WORK ITEM: Transcribe the entries below word for word, beginning at the line with "In a Media and" and stopping after the line with "Fresh crispy hand"; drop all pictures.

::: INFORMATION SHOWN :::

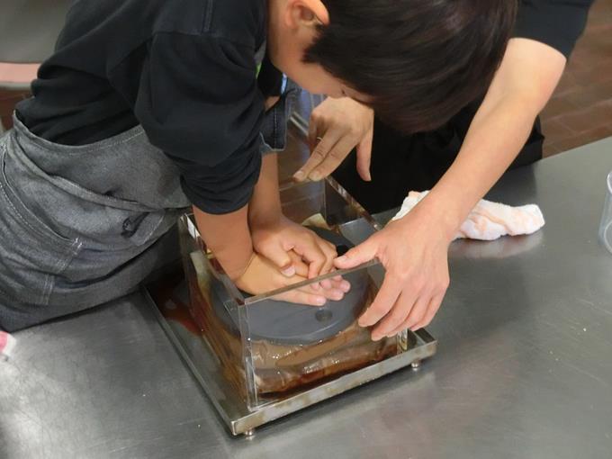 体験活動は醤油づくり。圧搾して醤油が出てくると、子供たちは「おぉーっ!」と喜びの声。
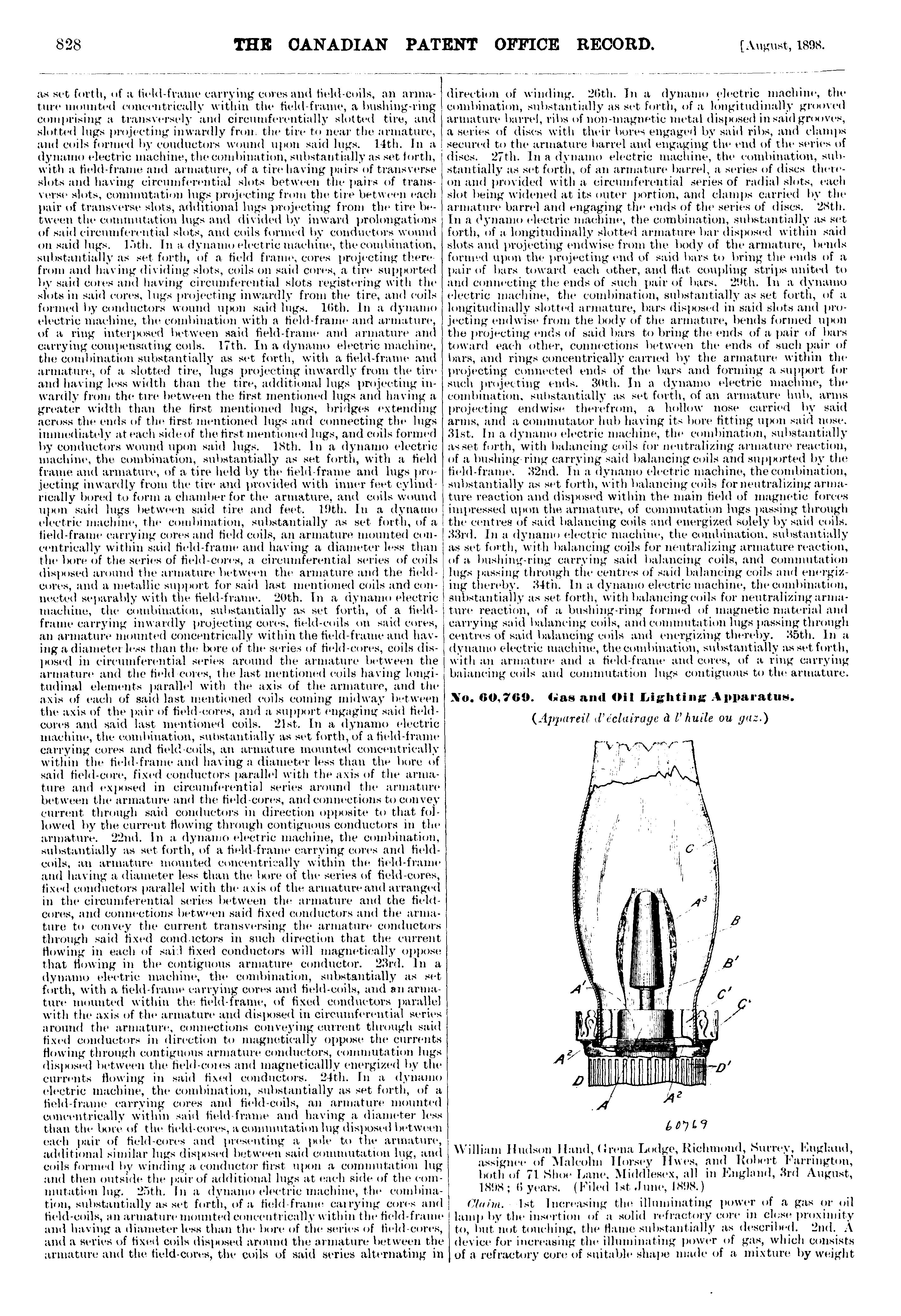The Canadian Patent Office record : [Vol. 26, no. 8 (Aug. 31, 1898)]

:::
::: INFORMATION SHOWN :::

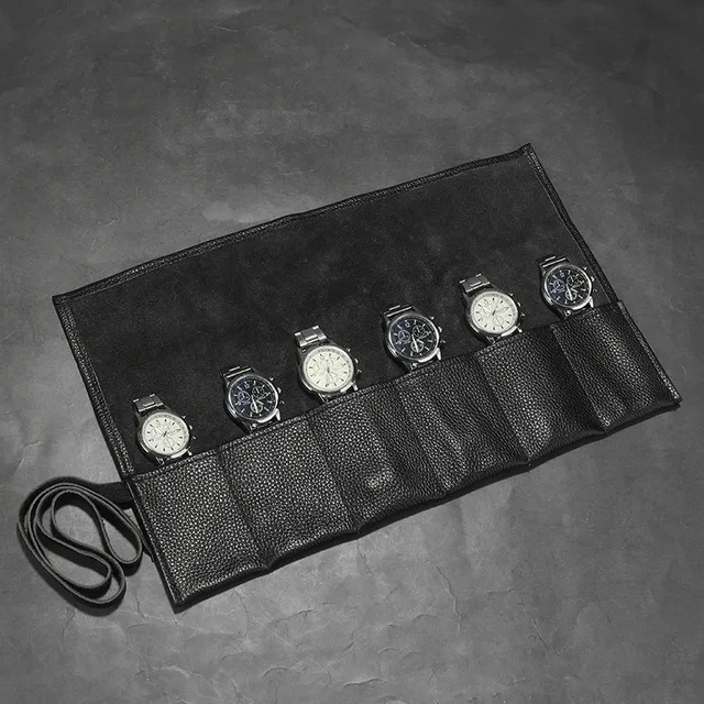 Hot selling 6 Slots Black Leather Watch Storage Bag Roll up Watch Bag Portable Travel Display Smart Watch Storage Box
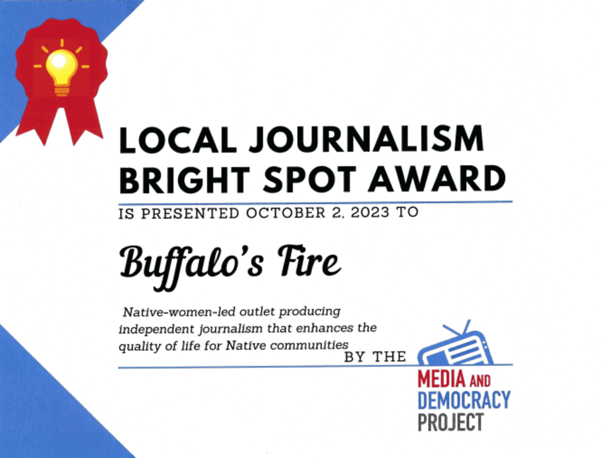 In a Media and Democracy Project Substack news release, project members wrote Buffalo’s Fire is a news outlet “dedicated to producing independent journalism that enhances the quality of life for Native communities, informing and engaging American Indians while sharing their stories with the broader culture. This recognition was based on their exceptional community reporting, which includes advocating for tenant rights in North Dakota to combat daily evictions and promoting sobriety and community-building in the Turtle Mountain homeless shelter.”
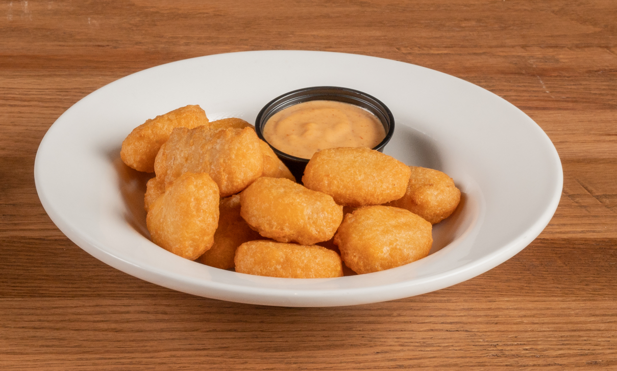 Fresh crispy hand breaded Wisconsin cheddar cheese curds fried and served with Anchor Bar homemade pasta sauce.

:::

ANSWER TO THE PROBLEM:
 In a Media and Democracy Project Substack news release, project members wrote Buffalo’s Fire is a news outlet “dedicated to producing independent journalism that enhances the quality of life for Native communities, informing and engaging American Indians while sharing their stories with the broader culture. This recognition was based on their exceptional community reporting, which includes advocating for tenant rights in North Dakota to combat daily evictions and promoting sobriety and community-building in the Turtle Mountain homeless shelter.”
 Fresh crispy hand breaded Wisconsin cheddar cheese curds fried and served with Anchor Bar homemade pasta sauce.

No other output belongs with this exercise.